Dorikithe Dongalu () is a 1965 Indian Telugu-language science fiction action film directed by P. Subrahmanyam. It stars N. T. Rama Rao and Jamuna. The music was composed by S. Rajeswara Rao. The film was produced by D. L. Narayana on the Chandamama Films banner.

Plot 
The film begins with antisocial elements continuing their run, and the crime rate increasing day by day. Police Commissioner Prabhakar (Gummadi) advocates for people to cooperate with the department. Here Sudarsanam (Rajanala), Dr. Giridhar (Satyanarayana), and Lawer Brahmayya (Allu Ramalingaiah), the most respected people in the society on behalf of the people, agree to do so. But actually, these are the real culprits who are behind the crimes and creating a lot of atrocities using their muscle and scientific powers.
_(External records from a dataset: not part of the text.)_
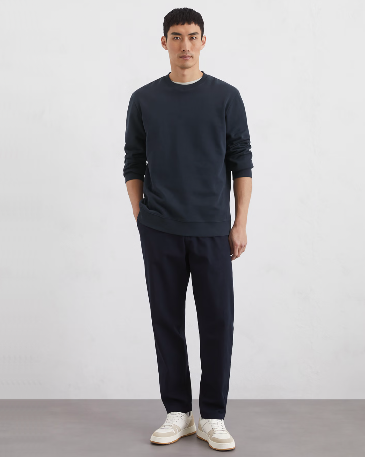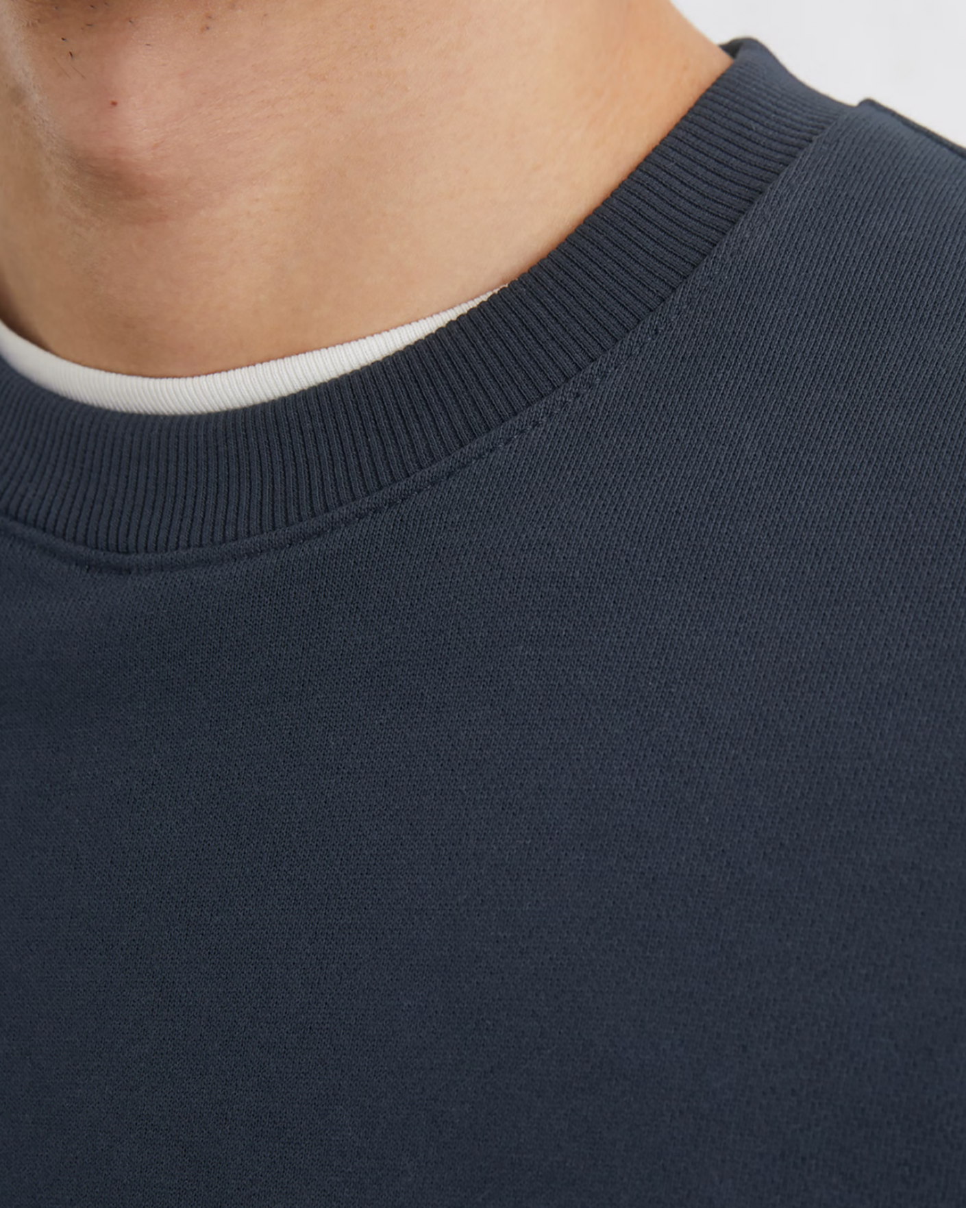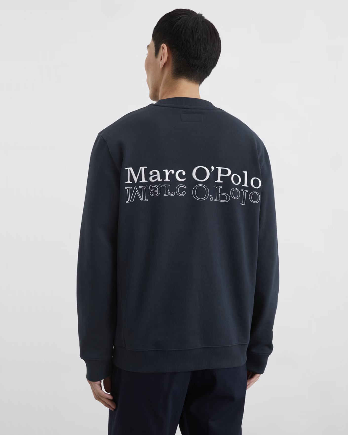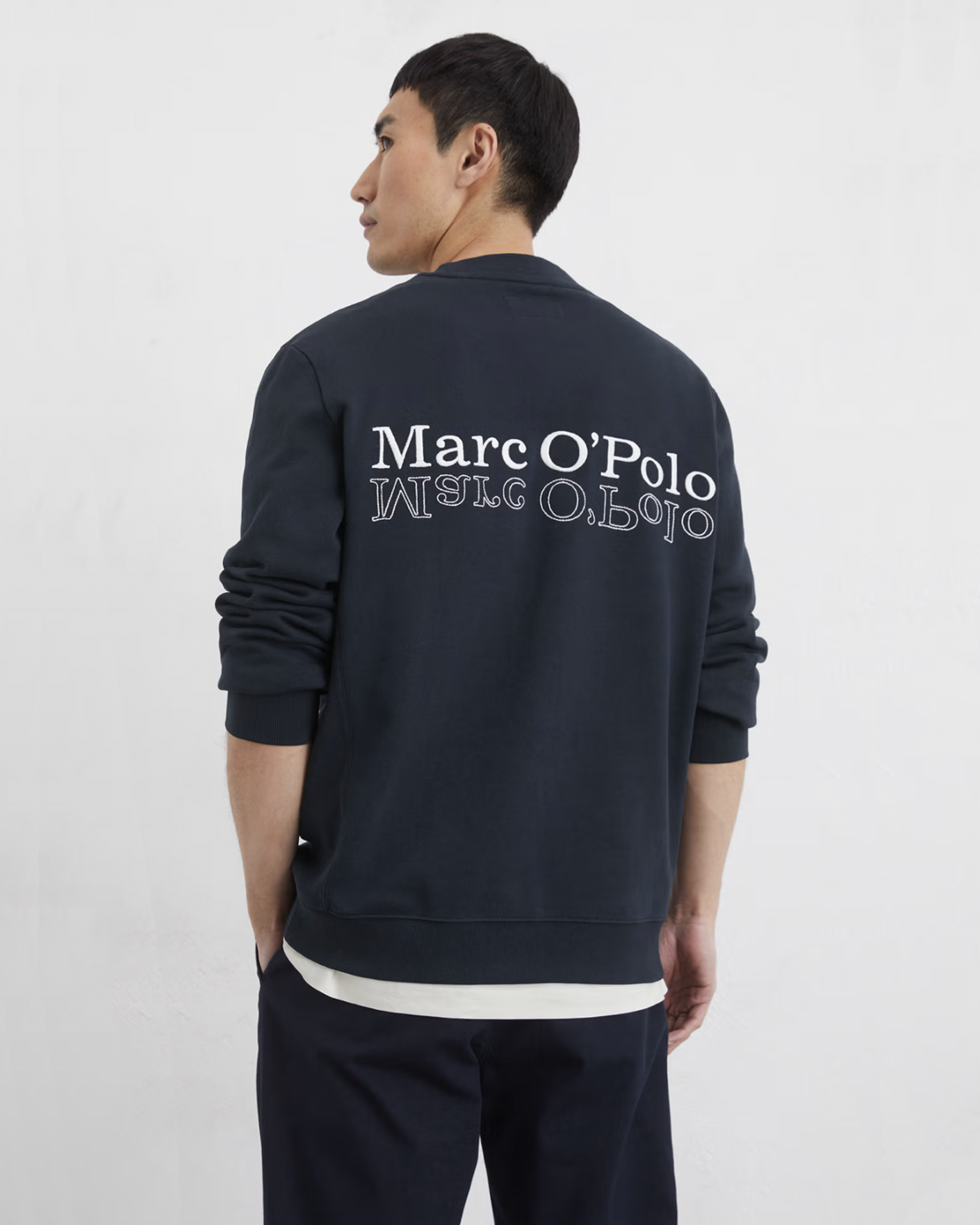 Толстовка Marc O'Polo темно-синего цвета в строчный рисунок и вышивкой логотипа на спинке. Модель из 100% хлопка, круглый вырез, манжеты и низ на резинке. Толстовка отлично впишется в повседневный гардероб.
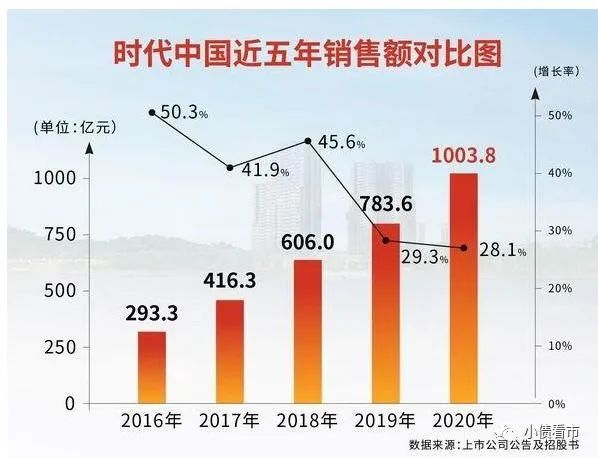 三年后,时代地产顺利敲开资本市场大门,登陆香港联交所,同年销售额突破百亿大关。
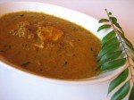 Now heat oil in a sauce pan, splutter mustard and curry leaves. Add the chopped onions, green chili and fry till they are evenly browned. Add the ground masala powder with turmeric and fry for few minutes. Add the chopped tomatoes, tamarind pulp, 1/4 cup water and salt. When this actually starts to boil, add the fish and cook for 5 minutes over low flame or until the fish is cooked through. When done, add the coconut milk and simmer for few minutes. Switch off and serve hot with rice.
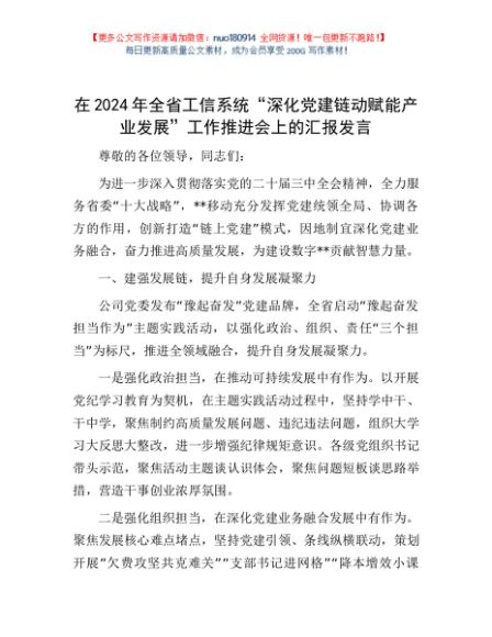 / 在2024年全省工信系统“深化党建链动 赋能产业发展”工作推进会上的汇报发言

Visweswarayya (Dhulipala) is an old scientist. The trio tries to bribe him and when he refuses, they throw acid into his eyes and also kidnap his younger daughter Anuradha (Jayanthi), who assists him. Sundaram (Kantha Rao) Prabhakar's second wife Santhamma's (Suyakantham) son is also a renowned scientist, the trio heir, and sends him abroad for higher studies. Now Prabhakar's first wife's fled son Nandan Rao (N. T. Rama Rao), and Visweswarayya's elder daughter Madhavi (Jamuna) arrive as C.I.D. officers in disguise of old people by the names Agneyam and Latha. The trio plans to blast an aircraft; they execute it through Sundaram, which is witnessed by Prabhakar's brother-in-law Rama Rao (Malladi) and family. So, they kill them, except for their daughter Karuna (Sarada), who is kidnapped.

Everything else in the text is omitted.